- _Task details_
Pictures are to be skipped. Retype exactly the lines from the top of the material through the one with "普通类本科物理类最低542分,本科历史类最低566分", and only those.

- _Given information_
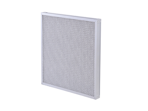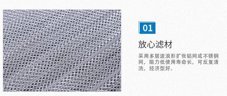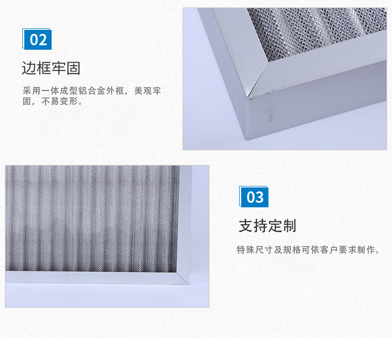 鋁波紋網(wǎng)過濾器采用多層鋁網(wǎng)經(jīng)輾壓成波浪形,以正確的角度彼此交叉疊合排列而成,多層金屬鋁波紋網(wǎng)是以不同的密度,孔徑由粗到細(xì)的排列,使空氣通過濾網(wǎng)時(shí)多次改變流動(dòng)方向,增大其集塵能力及效率。
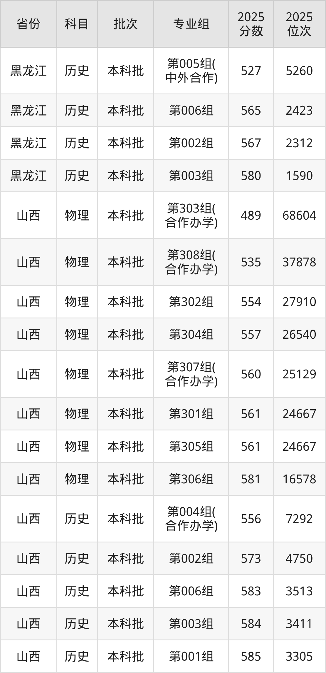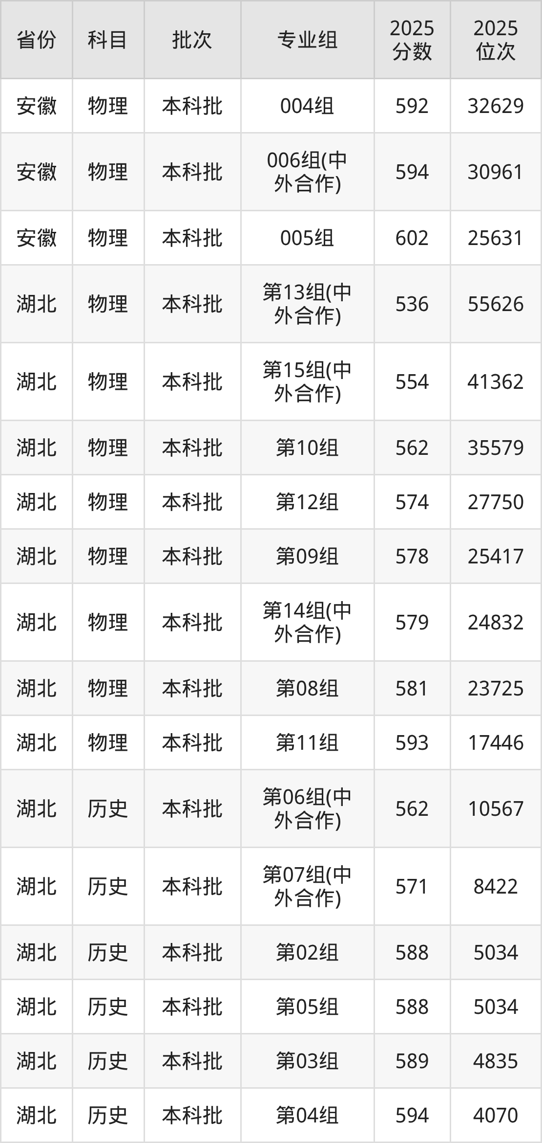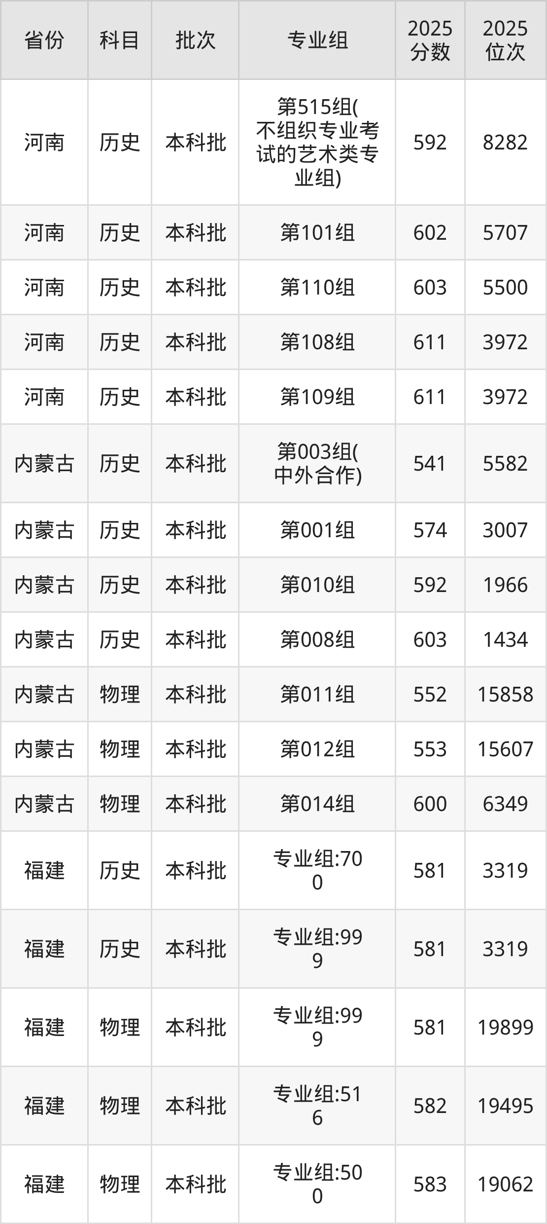 普通类本科物理类最低542分,本科历史类最低566分
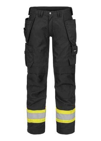 Tool holder belt loops in waist. Reinforced fly and stretch zones in crotch. Side pockets. HTPA Dobby lined nail pockets with loop strip for hanging multiple tools. Left cargo pocket with flap, concealed keyring holder and strap for ID-pocket, mobile phone pocket with stretch zone. Right cargo pocket with multiple tool pockets and ruler pocket. Kneepad pockets in HTPA Dobby with two different placement levels. 4-way stretch around knee, in seat and on back of legs. Back pockets. Back hem in HTPA Dobby with reflective detail. Adjustable foot width with plastic press studs.
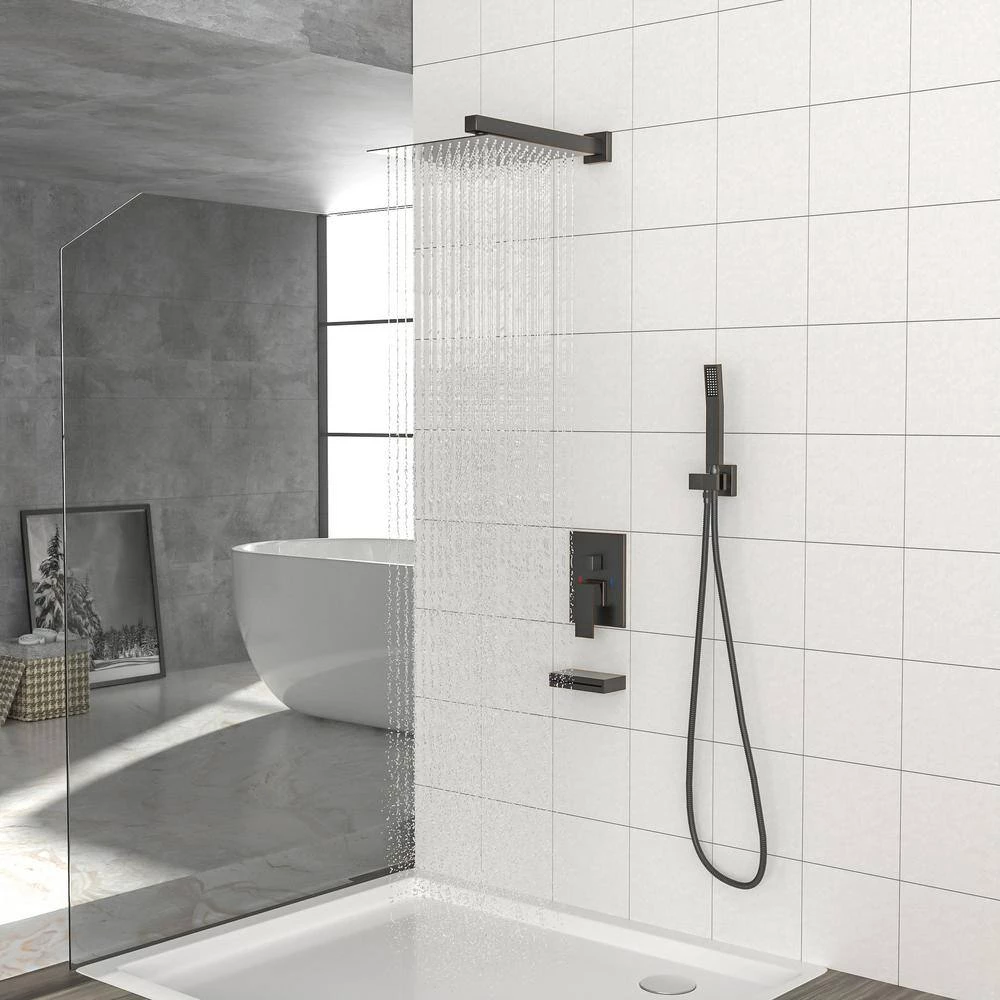 - 12 in. shower head: the shower head’s swivel ball allows you to adjust the spray angle of the showerhead after installation, providing a perfect shower experience for every family member, 59 in. shower hose with hand shower meet all your bathing needs

- _Response_
 鋁波紋網(wǎng)過濾器采用多層鋁網(wǎng)經(jīng)輾壓成波浪形,以正確的角度彼此交叉疊合排列而成,多層金屬鋁波紋網(wǎng)是以不同的密度,孔徑由粗到細(xì)的排列,使空氣通過濾網(wǎng)時(shí)多次改變流動(dòng)方向,增大其集塵能力及效率。
 普通类本科物理类最低542分,本科历史类最低566分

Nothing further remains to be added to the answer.